Há ainda duas coisas sobre Copenhagem que eu gostaria de comentar. A primeira é sobre os preços. A Dinamarca não usa o euro, mas a coroa dinamarquesa -- o que, obviamente, dá trabalho para os turistas. A moeda local vale cerca de sete vezes menos que o euro; por isso, preços com mais de dois dígitos para coisas banais, como um almoço, são comuns, ao contrário da zona do euro. O problema é que as coisas realmente são caras. Mesmo convertendo os preços para o euro (real nem passou pela minha cabeça), achava os valores bem salgados -- o que dizer de um almoço normal que custou € 40,00, coisa que praticamente não vi aqui em Berlim? Tudo bem, isso era esperado, pois havia lido que Copenhagem é uma das cidades mais caras do mundo. E por dois dias apenas não tive nenhum rombo de orçamento.

O segundo ponto são as pessoas. Achei Copenhagem uma cidade bastante plural, apesar de ter um ar de cidadezinha do interior. A sensação da presença de imigrantes na cidade, por exemplo, é bem maior do que em Berlim. Aqui vejo bem menos pessoas negras do que vi lá. De qualquer modo, as pessoas são extremamente simpáticas com forasteiros -- muita gente puxou papo comigo. Eles tinham muita curiosidade em saber porque eu quis conhecer a cidade deles -- eu sempre respondia: why not? Têm um pouco de birra com os alemães (coisas de guerras passadas talvez) mas no geral gostam de Berlim. E o inglês é amplamente falado, até em birosquinhas no meio da rua, o que facilita muito as coisas para os turistas. Apesar de achar a língua deles bizarrinha, com aquelas vogais cheias de sinais gráficos diferentes, ficava até feliz em ver coisas em dinamarquês. Sinal de que o inglês ainda não dominou por completo por lá.

A seguir, algumas fotos de locais que mencionei aqui.


A Estação Central (København Hovedbanegården)


O prédio da prefeitura e sua praça (Rådhuspladesen) ficam bem no centro de Copenhagem


A entrada do Tivoli Gardens, bem em frente à praça da Prefeitura


A entrada da NY Carlsberg Glyptotek

Dentro da Glyptotek, uma pianista reforçava o "ar clássico" do local

Jardim dentro da Glyptotek

Achei linda essa escultura da menina com o passarinho

Linda bicicleta em uma vitrine

Lado Amsterdam de Copenhagem


Tivoli Gardens à noite

O anexo da Biblioteca Real, conhecido como "Black Diamond"

Black Diamond

Canal em Christianshavn


Torre em espiral da 
Vor Frelsers Kirke


Vista da torre. Lá no fundo, aparece a ponte Øresund Link


Entrada de Christiania


"Você está entrando agora na União Européia", avisam quando você sai de Christiania


Ópera de Copenhagem

Dá para ver minha cara de frio? Ao fundo, a Pequena Sereia


As lindas cadeiras de Arne Jacobsen povoam coloridas o aeroporto de Copenhagem

segunda-feira, 25 de maio de 2009

E assim chegar e partir são só dois lados da mesma viagem...


Semana passada recebi aqui no meu apê a visita do querido amigo Márcio, aí de Brasília. Antes de eu vir ele já estava cogitando em passar alguns dias aqui, já que ele passaria quase vinte dias viajando com o pai na Itália, e poderia estender um pouco mais as férias para me visitar. Fiquei feliz que deu certo, pois sua visita foi como matar um pouco as saudades de Brasília e de todos aí.

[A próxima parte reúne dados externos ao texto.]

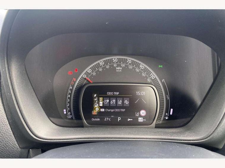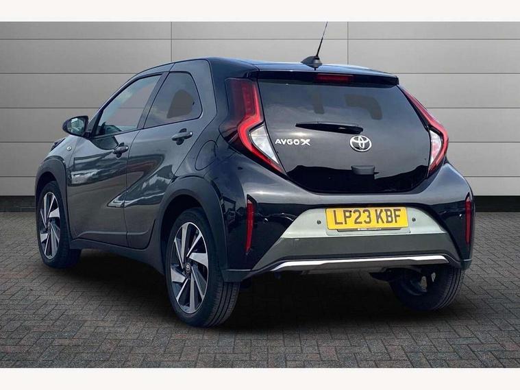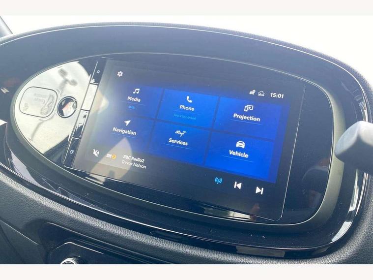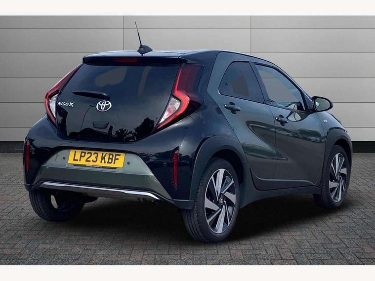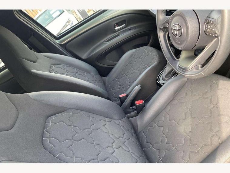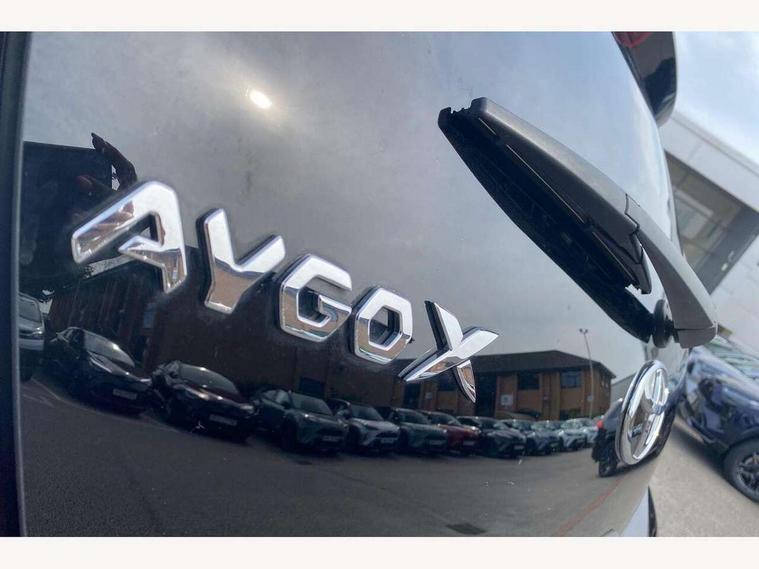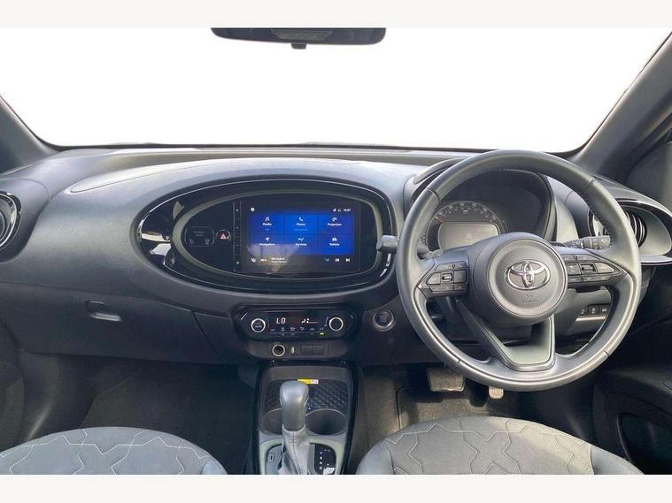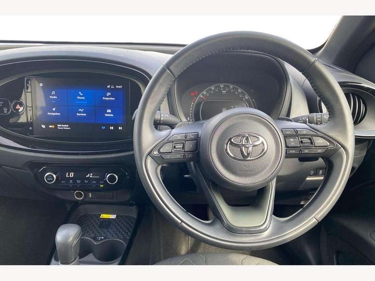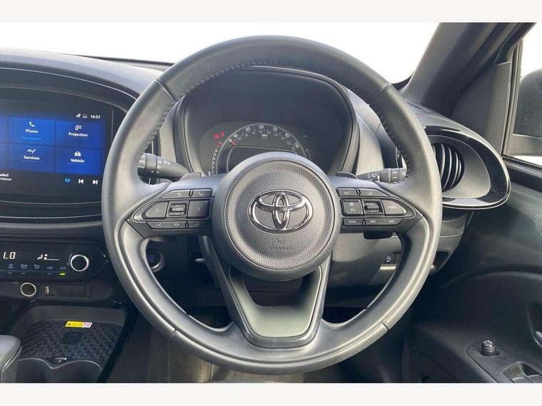 4.2" TFT colour screen, Adjustable speed limiter, Analogue speedometer, Bluetooth connectivity, Digital tachograph, Driver attention alert system, eCall emergency call system, ECO-driving indicator, Electric power steering, Front and rear parking sensors with auto brake, Intersection turn assist, Key reminder warning, Noise reduction kit, Pre collision system with emergency steering assist, Remote boot door release on key, Reversing camera with static guide lines, Smart entry and push button start, Speed limit display, Start and stop, Wireless charger, Wireless Smartphone Integration includes Apple CarPlay and Android auto, Vehicle Stability Control (VSC), 4 speakers, 9" HD multimedia display touch screen with Toyota smart connect, DAB digital audio broadcast, USB connector, Auto headlights, Auto wipers, Automatic headlights cut-off, Automatic high beam On/Off switch, Bicycle towing hook, Black fog light surrounds, Black side protection mouldings, Black wheel arch mouldings, Body colour door handles, Body coloured front bumper, Boot door scuff plate, Eclipse black rear bumper, Electric heated door mirrors, Follow me home headlights, Front and rear underruns in silver, Front fog lights, Front power windows, Gloss black door mirrors, Gloss black upper front grille, Headlight cut-off reminder, LED daytime running lights guide, LED front light guide, LED High mounted stop lamp, LED projector headlights, Manual day/night rear view mirror, Manual headlight levelling, Pagoda roof, Power adjustable door mirrors, Power back door, Privacy glass, Rain sensor, Rear combination lights LED bulb type, Rear side wing doors, Rear windscreen defogger, Rear windscreen wiper, Remote hazard lights system, Short antenna, Variable intermittent windscreen wipers, 12v power outlet - front, 2 seat bench in 2nd row, 3 spoke leather steering wheel, 50/50 split folding rear seat, Adhesive roof headlining, Adjustable speed limiter switch on steering wheel, Audio and telephone switches on steering wheel, Auto air conditioning, Black roof lining, Body colour satin anodised insert on steering wheel, Boot light, Centre room light, Chrome interior door handles, Chrome surround on air conditioning buttons, Clean air filter, Console box storage, Floor mats, Front and rear cup holders, Front head rest deco art, Front head restraints, Gear shift indicator, Height adjustable driver seat, Intelligent adaptive cruise control switch on steering wheel, ISOFIX child restraint system on rear seats, Lane departure alert switch on steering wheel, Leather gearshift knob, Light blue ambient lighting in centre console, Manual tilt steering wheel, Manually reclining and sliding driver seat, Manually reclining and sliding front passenger seat, Multimedia switches on steering wheel, Paddle shift levers on steering wheel, Partial synthetic leather upholstery, Pollen filter, Rear door pockets, Rear head restraints, Remote air-conditioning system, Satin silver insert on gear shift knob, Single compartment glovebox with lights, Single front passenger seat, Soft tonneau cover, Sun visors with mirror on driver and passenger side, Voice recognition switch on steering wheel, Toyota safety sense pack - Aygo X, Anti lock braking system + Electronic brake force distribution, Child safety door lock, Emergency brake light signal (EBS), Hill start assist control (HAC), Passenger airbag on/off switch, Seat belt reminder for front and rear seats, Supplement restraints system (SRS) - 6 airbags, Traction control, Tyre pressure warning system, Immobiliser, Remote power door locks, Black wheel centre caps, Tyre repair kit,

Ele chegou na terça, e fui buscá-lo no Tegel (um dos aeroportos de Berlim). Ele disse que não precisava, e cheguei a passar o endereço aqui de casa para ele pegar um táxi, mas acabei me decidindo por ir até lá recebê-lo, já que ele chegava pouco depois do término da minha aula no Goethe.

Buscar é uma maneira de expressar-me, pois eu fui de metrô e ônibus e viemos para casa de táxi. Lembrei-me de que quando visitei a Mariana na Austrália e a Martha em Genebra, ambas foram me receber no aeroporto, e acho que isso, para quem chega em outro país -- ainda mais quando não se fala a língua local -- é uma delicadeza muito bem vinda. Tem coisa mais legal do que chegar no aeroporto, cansado depois da viagem, e ver um rosto conhecido nos esperando? Acho que deveríamos fazer mais isso.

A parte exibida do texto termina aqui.